The mandatory uniform for a Nigerian bouncer is a shirt that’s so tight it’s essentially cutting off circulation to your brain. Remember: If people can’t see every single vein through your shirt, they won’t know you can throw them out with a flick of your giant wrists.

Disrespect women

As a Nigerian bouncer, you can’t have any regard for women. If they arrive without any man accompanying them, then they are obviously ashewos and you have to bounce them. Then when they do come with a man, you only acknowledge his existence.

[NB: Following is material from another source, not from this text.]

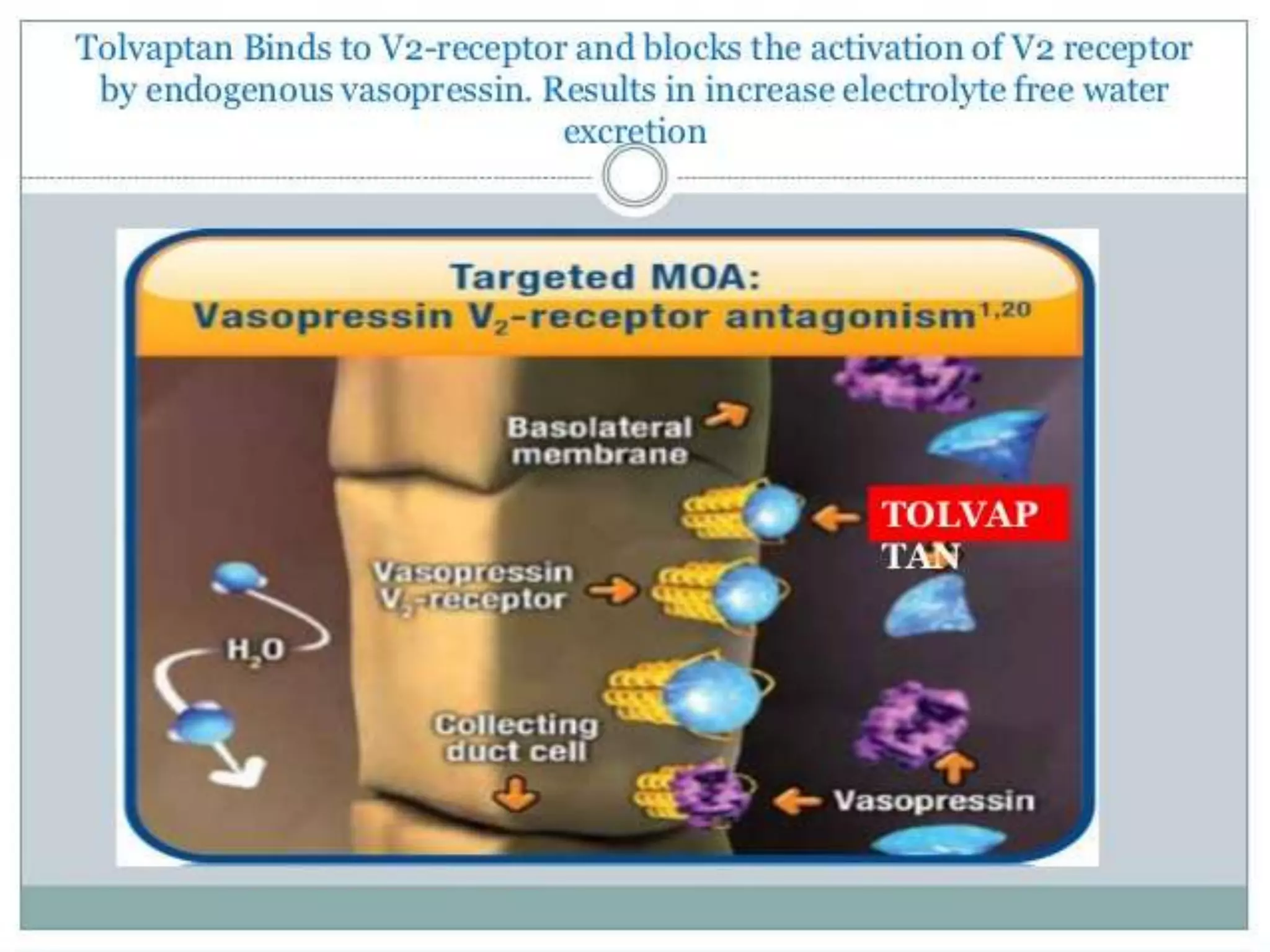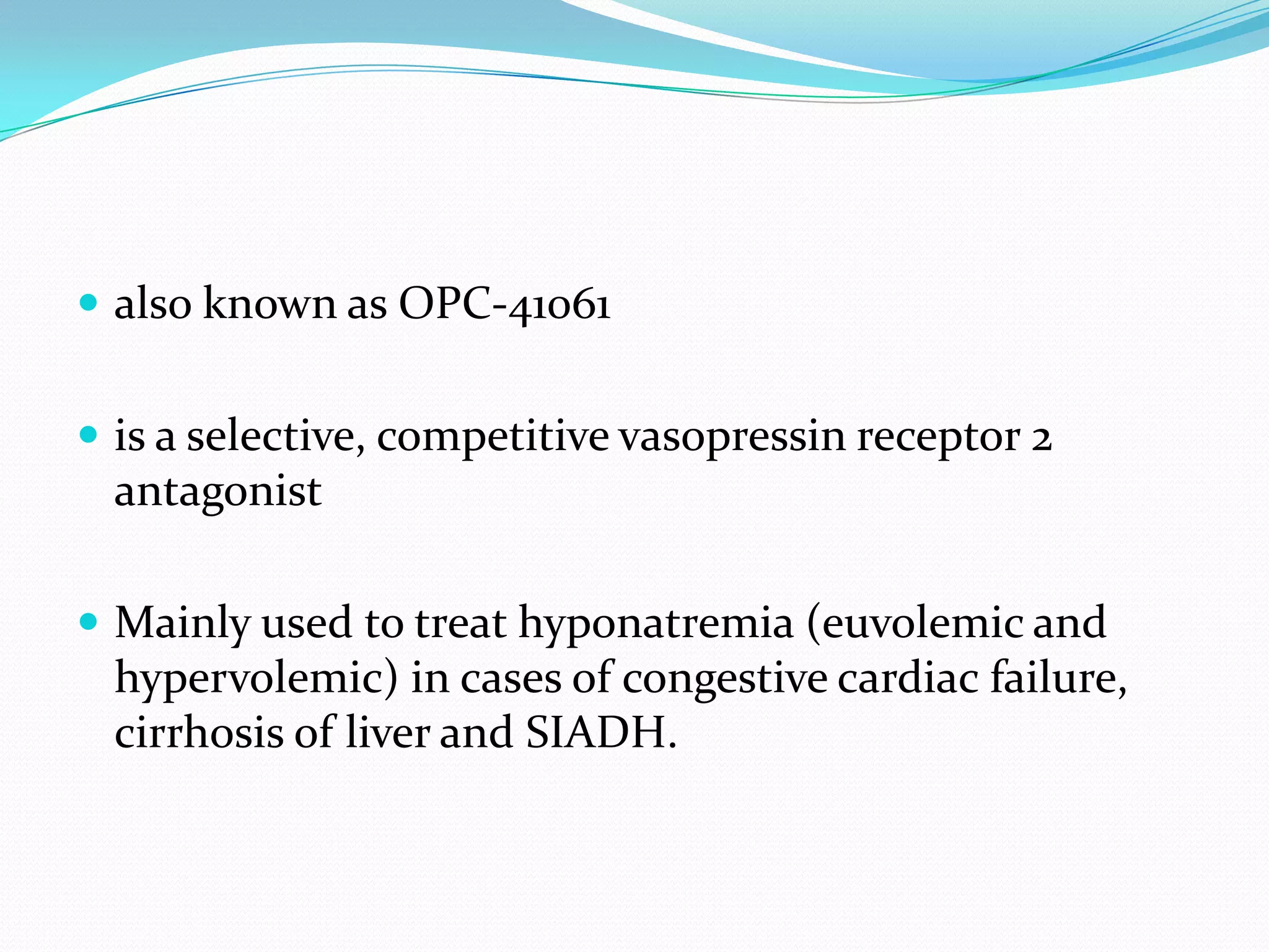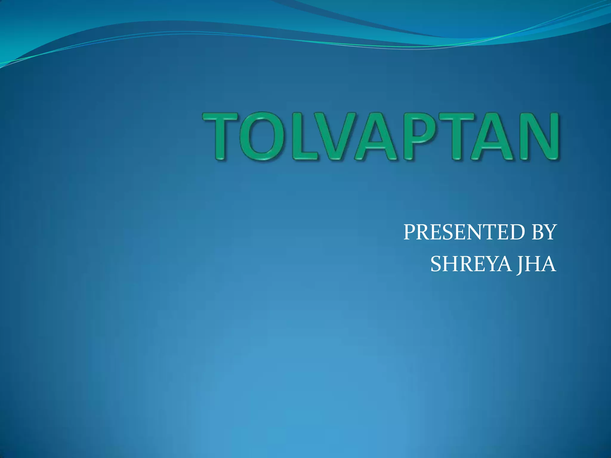 Tolvaptan is a selective vasopressin V2 receptor antagonist used to treat hyponatremia. It works by blocking V2 receptors in the kidney collecting ducts, decreasing water reabsorption and increasing excretion to raise serum sodium levels. Tolvaptan is approved by the FDA to treat hyponatremia caused by congestive heart failure, cirrhosis, or SIADH. It has few side effects but can cause thirst, dry mouth, and polyuria. Care must be taken to avoid overly rapid correction of sodium levels which can cause serious neurological issues.

Have a face as strong as your body

You need your entire face to look like it lifts weights too. To be the very best bouncer, you have to aggressively frown, especially when people are just arriving. Your face will eventually have to soften, particularly when you want to start begging for money.

“Your boy dey here oh”

This is the line you use when you have finally softened your strong face and you’re ready to start obtaining everyone that walks by. It also serves as a reminder that you’ll most likely still be there if they return, so they better behave if they ever want to enter again.

Use your discretion without regard

Your discretion is basically your superpower. Depending on how you wield it, you could either become a superhero or a supervillain, and the latter is the preferred option. When you’re feeling extra evil, you can even decide to allow only half of a group in, while you bounce the others.